Problem ist nur wie der Output zustande kommt. Was die methoden machen weiss ich schon.


----------



## André Uhres (13. Jun 2007)

block 1: c1 enthält alles, daher c2 nix. c3 enthält keine Doppelgänger weil es ein Set ist, daher enthält c4 die Doppelgänger
block 2 ist eine Auflistung von c1
block 3: nacheinander eine Auflistung von c1, c2, c3 und c4, wobei die beiden Listen (c1 und c4) sortiert werden.
block 4 gibt aus dem Array den ersten Index von alice aus.


----------



## Leroy42 (13. Jun 2007)

André Uhres hat gesagt.:
			
		

> Ansonsten versuche ich meistens die Negationen _möglichst zu umgehen_.


 :shock: 

Frage 1) *Wie?*
Frage 2) *Warum?*


----------



## bygones (13. Jun 2007)

Leroy42 hat gesagt.:
			
		

> André Uhres hat gesagt.:
> 
> 
> 
> ...


negation der negation


----------



## André Uhres (13. Jun 2007)

Leroy42 hat gesagt.:
			
		

> André Uhres hat gesagt.:
> 
> 
> 
> ...


1. Z.B.: Das Glas ist nicht leer --> Das Glas hat etwas drin  
2. Weil ich meistens positiv denke


----------



## bygones (13. Jun 2007)

bist du dann ein collection.isEmpty verweigerer ? ;-)


----------



## André Uhres (13. Jun 2007)

deathbyaclown hat gesagt.:
			
		

> bist du dann ein collection.isEmpty verweigerer ? ;-)

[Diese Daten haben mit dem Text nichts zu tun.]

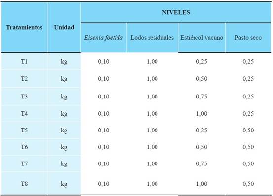 Para la etapa experimental, se utilizaron cajas de madera (con dimensiones de 20 x 20 x 10) forradas con plástico en las que se mezclaron los lodos residuales, el pasto seco y el estiércol vacuno (Figura 4). Posteriormente, se adicionaron las lombrices californianas para iniciar el proceso de vermiestabilización. Se utilizó un diseño multinivel de 4 x 2 con tres repeticiones, resultando un total de 24 unidades experimentales. Se establecieron las distintas cantidades de estiércol vacuno y pasto seco. Los lodos residuales y la cantidad de Eisenia foetida se mantuvieron constante en todos los tratamientos, tal y como se muestra en la Tabla 1.

Wieso, hab ich sowas gesagt? "Meistens" heisst doch noch lange *nicht *"immer"   
Ich benutze selbsverständlich auch Negationen, wo sie sinnvoll oder unumgänglich sind  :wink:


----------



## Marco13 (13. Jun 2007)

André Uhres hat gesagt.:
			
		

> 2. Weil ich meistens positiv denke


Pessimisten sind aber eigentlich bessere Programmierer :roll: :wink:


----------



## André Uhres (13. Jun 2007)

Marco13 hat gesagt.:
			
		

> ..Pessimisten sind aber eigentlich bessere Programmierer..

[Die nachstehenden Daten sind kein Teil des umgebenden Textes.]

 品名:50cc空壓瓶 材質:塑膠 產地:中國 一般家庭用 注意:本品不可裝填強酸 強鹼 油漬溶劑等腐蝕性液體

Mein lieber Freund, was ich mit "positiv denken" meine, hat nix mit Optimismus zu tun: 
es bedeutet schlicht und einfach einen bestimmten Sachverhalt  so zu betrachten, 
wie er in der Realität ist, und nicht so, wie er *nicht* ist. 
Falls man das überhaupt einer phylosophischen Richtung zuordnen kann, dann wohl eher zum "Realismus".
Noch weiter phylosophieren möchte ich aber *nicht* darüber


----------



## Leroy42 (14. Jun 2007)

André Uhres hat gesagt.:
			
		

> Noch weiter phylosophieren möchte ich aber *nicht* darüber



Einverstanden!   

Wie wär's dann mit 





			
				André Uhres hat gesagt.:
			
		

> ..._phylo_sophieren...


hierüber? (  )

(*SCNR*   :toll: )


----------